CSV to NDJSON Converter

Convert CSV to Newline-Delimited JSON for log pipelines and BigQuery

Convert CSV rows into NDJSON — one JSON object per line — the format expected by BigQuery loads, the Elasticsearch bulk API, and most log aggregators. Optional type inference for numbers, booleans, and null. Runs entirely in your browser. It runs free in your browser on Gera Tools, with nothing uploaded.

Last updated Source: Gera Tools

What is NDJSON and how does it differ from JSON?

NDJSON (newline-delimited JSON) puts one complete JSON object on each line with no enclosing array and no commas between objects. A standard JSON file is a single array or object. NDJSON is streamable — tools read it one line at a time.

Convert CSV into newline-delimited JSON

The CSV to NDJSON Converter turns each CSV row into a single JSON object on its own line. This newline-delimited format — also called JSON Lines or JSONL — is what BigQuery loads, the Elasticsearch bulk API, and most log shippers expect, because it can be read and written one record at a time without holding the whole file in memory.

How it works

The tool parses your CSV with a quote-aware parser, so commas, newlines, and escaped quotes ("") inside quoted fields are handled correctly. The first row is treated as the header and supplies the JSON keys. Each subsequent row becomes an object whose keys are the headers and whose values come from the cells.

When type inference is enabled, each cell is checked against strict rules: a value matching a JSON number pattern becomes a number, true and false become booleans, and null becomes JSON null. Leading-zero strings like 007 and grouped numbers like 1,000 deliberately stay strings so IDs and codes are not mangled. The output is then joined with \n so every object sits on its own line.

Example

Given this CSV:

id,name,active
1,Ada Lovelace,true
2,"Hopper, Grace",false

the converter produces:

{"id":1,"name":"Ada Lovelace","active":true}
{"id":2,"name":"Hopper, Grace","active":false}

Notice the quoted comma inside "Hopper, Grace" is preserved as part of one field.

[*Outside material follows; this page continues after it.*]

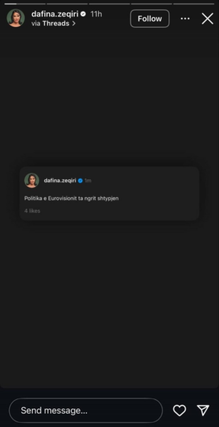 “Politika e Eurovizionit ta ngrit shtypjen”, ka shkruar shkurt artistja, duke lënë të nënkuptohet se renditja e Shqipërisë nuk ishte e drejtë dhe se rezultatet u ndikuan nga faktorë të jashtëm, jo vetëm nga performanca muzikore.
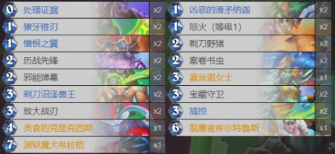 卡组整体是和上个版本快攻瞎一样的,前期很依赖凶恶的滑矛纳迦和历战先锋抢血,案卷书虫前期的超模身材也能站稳场面。卡组有一个思路是带上了剃刀野猪+剃刀沼泽兽王+贪食的克里克西斯这一套套娃组件提高一个卡组上限。这个卡组前期就是要尽可能去倾泻手牌压节奏,比较依赖神抽放大战刃或者贪食的克里克西斯的过牌效果,上下限有点太大了。

NDJSON versus regular JSON arrays

PropertyJSON arrayNDJSON
Structure[{...}, {...}]{...}\n{...}
Streamable?No — must buffer entire fileYes — read one line at a time
Partial read?NoYes — read first N lines without touching the rest
Appendable?No — requires rewriting the closing ]Yes — append a new line
Memory for 1 M rowsEntire array in RAMOne object at a time

BigQuery, Elasticsearch, Apache Kafka, Logstash, and most log aggregators prefer NDJSON specifically because of streamability. A 5 GB NDJSON file can be ingested line by line without ever needing 5 GB of free RAM; a 5 GB JSON array cannot.

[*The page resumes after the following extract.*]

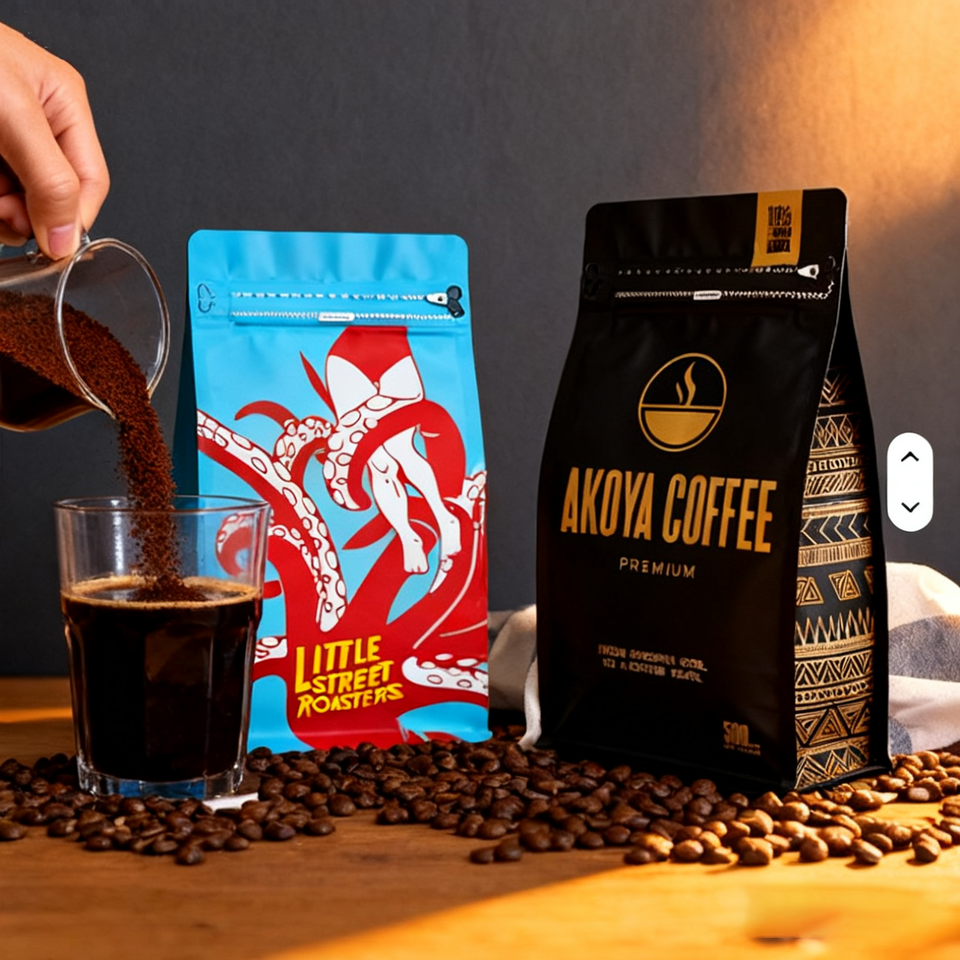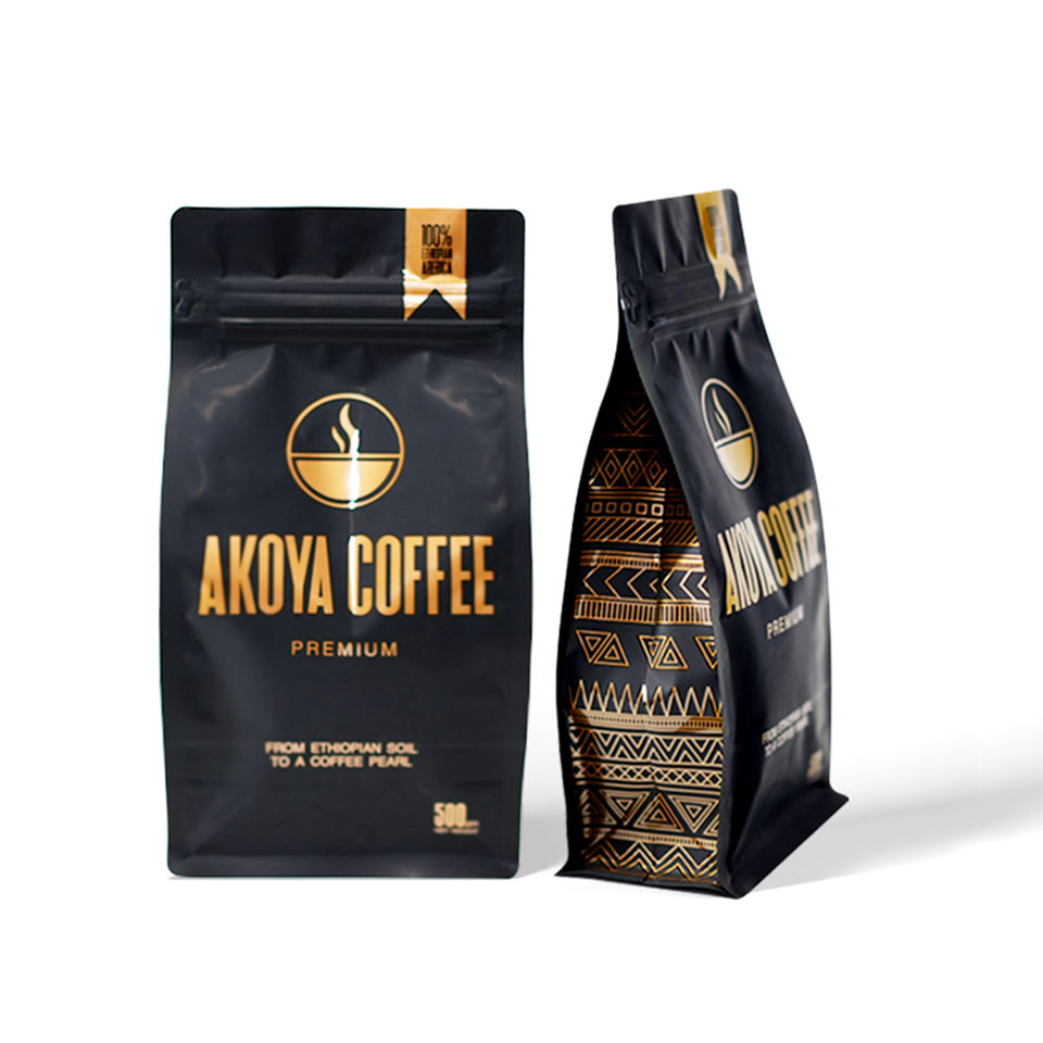 ถุงซิปล็อคขายส่งสำหรับบรรจุภัณฑ์อาหารผงกาแฟชา ถุงวาล์วก้นแบน รับผลิตแบบ OEM
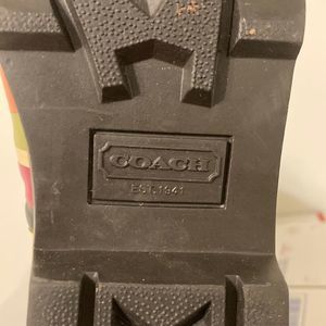 Coach Peony striped rainbow boots with furry top size 7 B. Rubber Rain boots

Loading NDJSON into BigQuery

When using bq load, set the --source_format flag:

bq load --source_format=NEWLINE_DELIMITED_JSON \
  mydataset.mytable \
  gs://mybucket/data.ndjson \
  schema.json

If your schema matches your CSV headers, BigQuery can often infer it — but providing an explicit schema avoids surprises with type coercion. Ensure the NDJSON you generate has type inference enabled so numeric columns arrive as integers or floats rather than strings.

Loading NDJSON into Elasticsearch

The Elasticsearch bulk API expects an alternating pattern:

{"index":{"_index":"myindex"}}
{"id":1,"name":"Ada Lovelace","active":true}
{"index":{"_index":"myindex"}}
{"id":2,"name":"Hopper, Grace","active":false}

This tool emits only the document lines. To use the output with the bulk API, either add the action lines with a text editor, a shell awk script, or a purpose-built Elasticsearch import tool. For Elasticsearch, remember the bulk API needs an action line between documents, which this tool does not add — it emits the raw document stream.

Tips and notes

  • Keep type inference on for numeric and boolean columns so the receiving system does not have to re-parse them from strings.
  • NDJSON files should have one object per line with no trailing comma — this converter always produces compliant output.
  • The file extension .ndjson and .jsonl are both common; either is accepted by BigQuery and Elasticsearch.